LargeFishPKU commented 4 years ago

These experimental results are based on what Steven said in E-mail 20200624, the content is as below:

"Let x1,…,x5 be the 5 training images you have for a given class (e.g. cat), then the prototype for that class is currently computed as:

(f(x1) + … + f(x5)) / 5

where f(xi) is the encoding of the image xi. What I’m suggesting is to instead use:

(f(x1) + … + f(x5) + lambda g(class)) / (5 + lambda)"

all experiments are based on BERT_64_mask vector

1. when trained jointly:

method backbone lambda iterations 5-way 5-shot
ProtoNet_Joint ResNet_10 0.5 60000 61.61% +- 0.77%
ProtoNet_Joint ResNet_10 1 60000 63.84% +- 0.84%
ProtoNet_Joint ResNet_10 2 60000 63.94% +- 0.76% .

From above experimental results, we can see the performance is much worse than other methods (70% +).

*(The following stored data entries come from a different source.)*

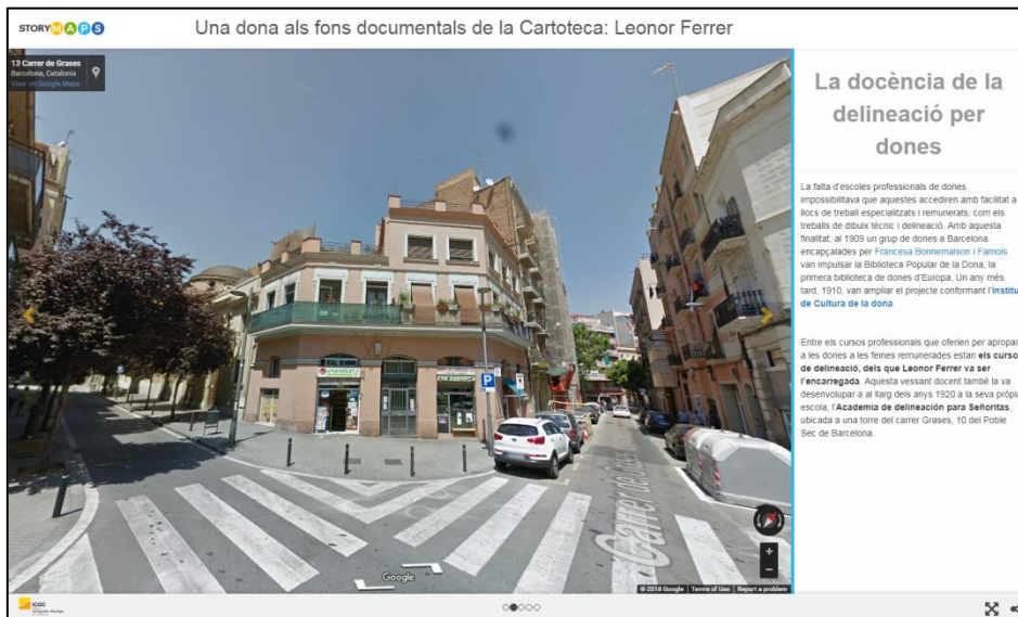
IL·LUSTRACIÓ 6 STORYMAP LEONOR FERRER: GOOGLE STREETVIEW

enllaços a vídeos que ajuden a fer-se una idea del personatge per contribuir a difondre el paper de les dones pioneres en camps molts diversos
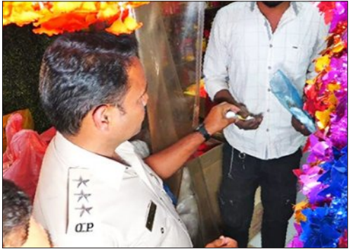
ଆଡ଼କୁ ଯାଉଥିଲେ। ପୋଖରୀପୁଟ୍ ଜଳରେ ପହଞ୍ଚିବା ବେଳକୁ ମାଞ୍ଚା ସୂତା ଲାଗି ତାଙ୍କ ବେକ କଟି ଯାଇଥିଲା।
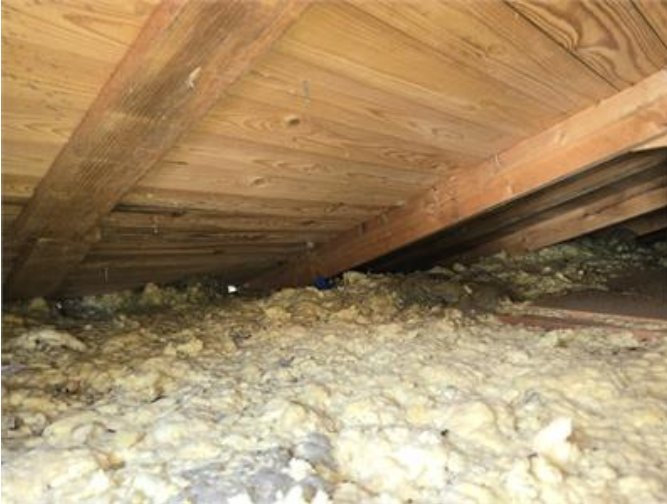
Exempel del av vind isolering ligger an mot taket och det förekommer påväxt.
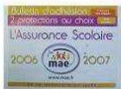
Attestation d'assurance scolaire
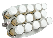
PRS-14 BS-010118-BK piattaforma

14 provette con diametro 20-30 mm (provette da 50 ml)
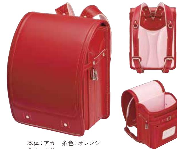
本体:アカ 糸色:オレンジ 背中・内装:ピンク
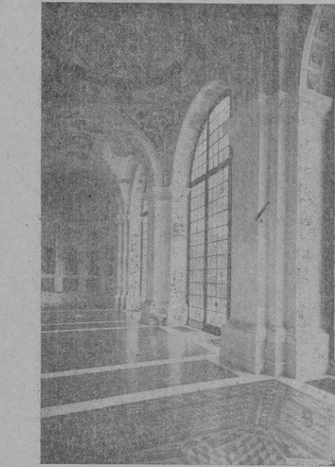
Un interior de la Villa Madama, donde se hospeda el Ministro de la Gobernación español durante su estancia en Roma

El aumento de precio de la gasolina será de 24 céntimos por litro y el gravamen sobre el gasoil será de 20 céntimos por litro.
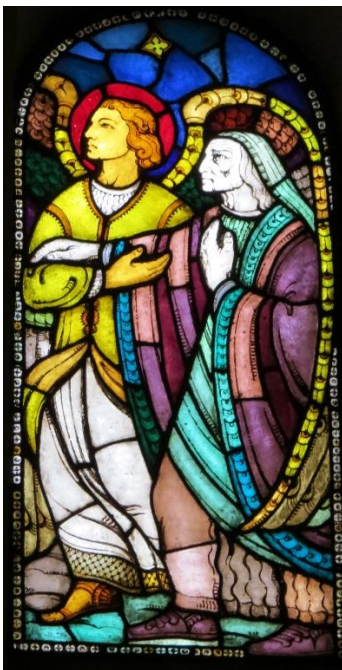
Detalj fra Per Vigelands glassmalerier.

SLIK GIKK DET! Jeg har levd så lenge at jeg har nådd refleksjonens år. Til det hører å tenke over eget liv. Hva ble det til? Hva har jeg, så langt, brukt livet mitt til? Jeg ser bakover på det som har vært. Jeg ser gode ting, som fyller meg med takknemlighet. Jeg ser vonde ting som jeg har forvoldt, eller som er gjort mot meg. Jeg ser ugjorte ting, tanker jeg skulle tenkt, gjerninger jeg skulle gjort. Hvordan skal jeg forholde meg til alt sammen? Jeg må forsones meg med mitt levde liv. Og med mitt ulevde liv.

2. when trained separately:
Step 1: Train the model using visual features only Step 2: Train the mapping g(class) using the prototypes you get with the model from Step 1 as training data, i.e. the task would be to predict the prototypes, rather than solve the few-shot classification task itself. Step 3: Train the full model, using the models from step 1 and step 2 to initialize the parameters of the visual part and the text part respectively.
the experiment is running...
update 20200709. Details: Step 1: train a previous protoNet. Step 2: the mapping network g() (fc -> normalization -> ReLU -> fc), finally get a text vector which dimensionality is the same as visual vector’s. Also in a 5-way 5-shot setting, we can get 5 visual prototypes (v1, v2, …, v5). Then we also get 5 text vectors from g() and original vectors from BERT (t1, t2, ..., t5). Then we want the visual and text vector belong to the same class as similar as possible. There are two ways to measure similarity: 1)Euclidean distance; 2) cosine similarity.
Problem: when using Euclidean distance, the model can not converge. The reason maybe the different feature space, so directly applying Euclidean may cause confuse problems for the model. Therefore, Step 2 is trained by cosine similarity. Step 3: This step is trained in a common 5-way 5-shot setting just like step 1. More concretely, we can get 5 visual prototype (v1, v2, …, v5), also 5 text “prototype” (t1, t2, …, t5). Given a query image, we get corresponding visual feature I, then we calculate the similarity in this way: Euclidean_distance(I, vi) + lambda * cosine_similarity(I, ti) (i = 1, 2, …,5)

Also try Euclidean_distance(I, vi) + lambda * Euclidean_distance(I, ti), but only get 51.53% accuracy, it can not be more worse!

method backbone lambda iterations (lr)(lr_decay) 5-way 5-shot
ProtoNet_sepately ResNet_10 1 60000(0.0001) 75.38% +- 0.63%
ProtoNet_sepately ResNet_10 10 60000(0.0001) 74.80% +- 0.65%
ProtoNet_sepately ResNet_10 5 60000(0.0001) 76.30% +- 0.76%
ProtoNet_sepately ResNet_10 5 (30000, 60000)(0.0005)(0.2) 76.38% +- 0.61%
ProtoNet_sepately ResNet_10 5 (20000, 40000, 60000)(0.0005)(0.2) 75.68% +- 0.63% .

In my opinion, just according to results, it's enough for us to say, we have achieved the best results among metric-based methods.